Posted on:2009-05-15Degree:Ph.DType:Dissertation
University:Yale UniversityCandidate:Salmon, William NoelFull Text:PDF
GTID:1445390002496925Subject:Language
Abstract/Summary:
In Classical rhetoric, the term anakolouthon was used to describe the effect of changing syntactic structures within a single sentence. This might be due to a speaker error or change of plan mid-sentence, but it could also be performed as a manipulation of style, a solecism intended for dramatic effect. In this dissertation, I consider a contemporary instance of anacolutha, but it is one that is neither error nor intentional solecism. Rather, it is one that is very frequent in spoken language and one that teaches important lessons about how speakers manage and exploit aspects of a discourse: I refer to it as a double-subject sentence (DSS).;The DSS is composed of two basic elements. The first of these can be considered what is primary in the speech act. It is the root utterance, and the proposition it contains is easily seen to bear the main point of the act. The second element, as Frege might say, arouses the imagination, but it is harder to pin down. It is part of the background, and it conveys no primary information and makes no clear assertion.
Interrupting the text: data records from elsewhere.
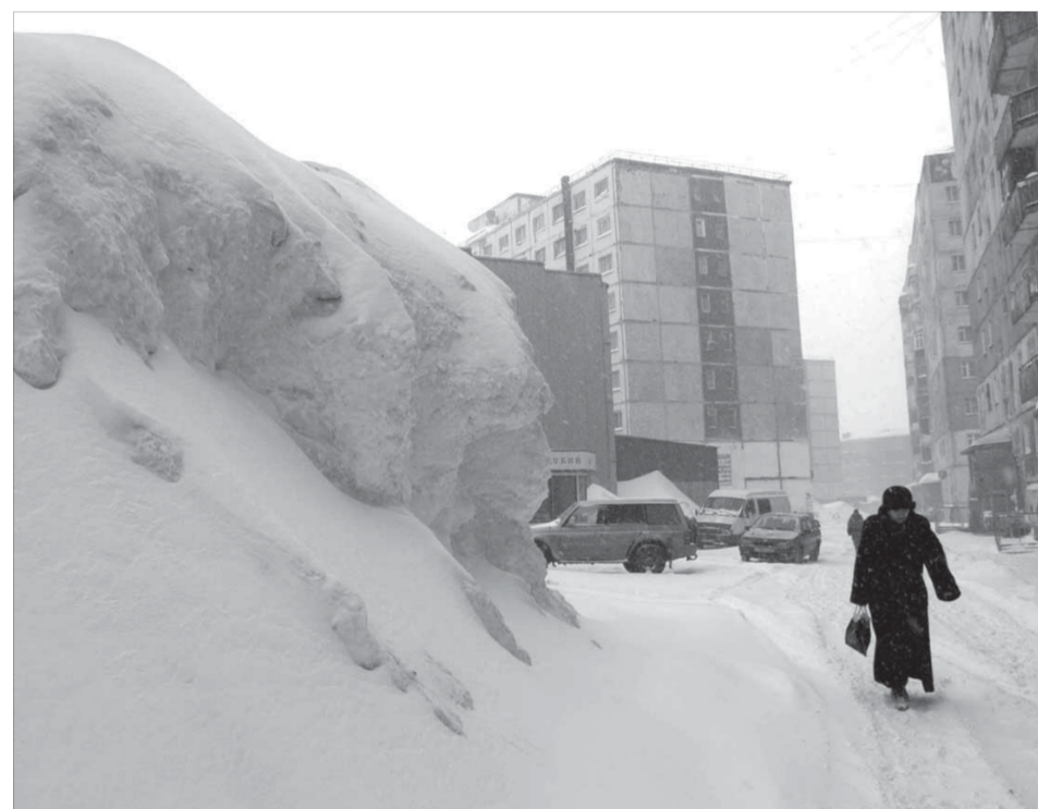
Вспру проводить чемпионат по ледолазанию...

Военный комиссар городов Норильск и Дудинка, Усть-Енисейского, Хатангского и Диксонского районов Красноярского края полковник О.Лобановский
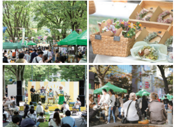
これまでのキテキテ府中マルシェの様子
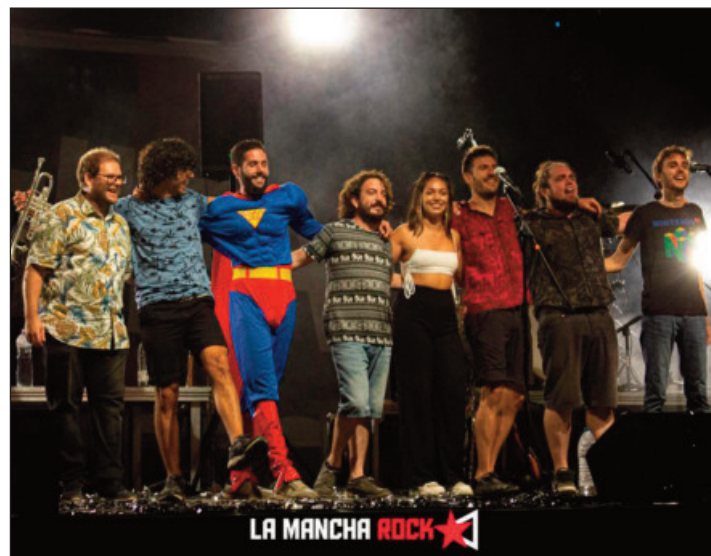
Concierto del grupo local Wahira
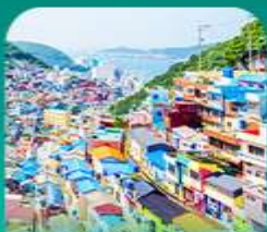
หมู่บ้านคิมชอน

Its purpose is to stabilize the discourse, to arrange the discourse conditions in which the primary utterance can be found felicitous. Like the title of a poem or the epigraph of a novel, it illuminates the utterance to come.;This illumination is the subject of this dissertation. How is the initial parenthetical element related to the primary utterance? How is it related to prior and situational context? I consider this element alongside other, more well-known (if not better understood) kinds of secondary or backgrounded content, such as Grice's notion of conventional implicature, Chris Potts's (2005) ideas of multidimensional semantic content, and Nathan Salmon's (2002) ideas on the role of context in demonstratives. I suggest ultimately that a Gricean account of the DSS---in terms of conventional implicature---provides a satisfactory means of discussing the double-subject sentence. This allows us to provide for the specific semantic and pragmatic properties relevant to the DSS. It also offers us a glimpse of how speakers predict the mental states of their interlocutors, as they order and pragmatically structure propositions to fit the needs of a given situation in a discourse.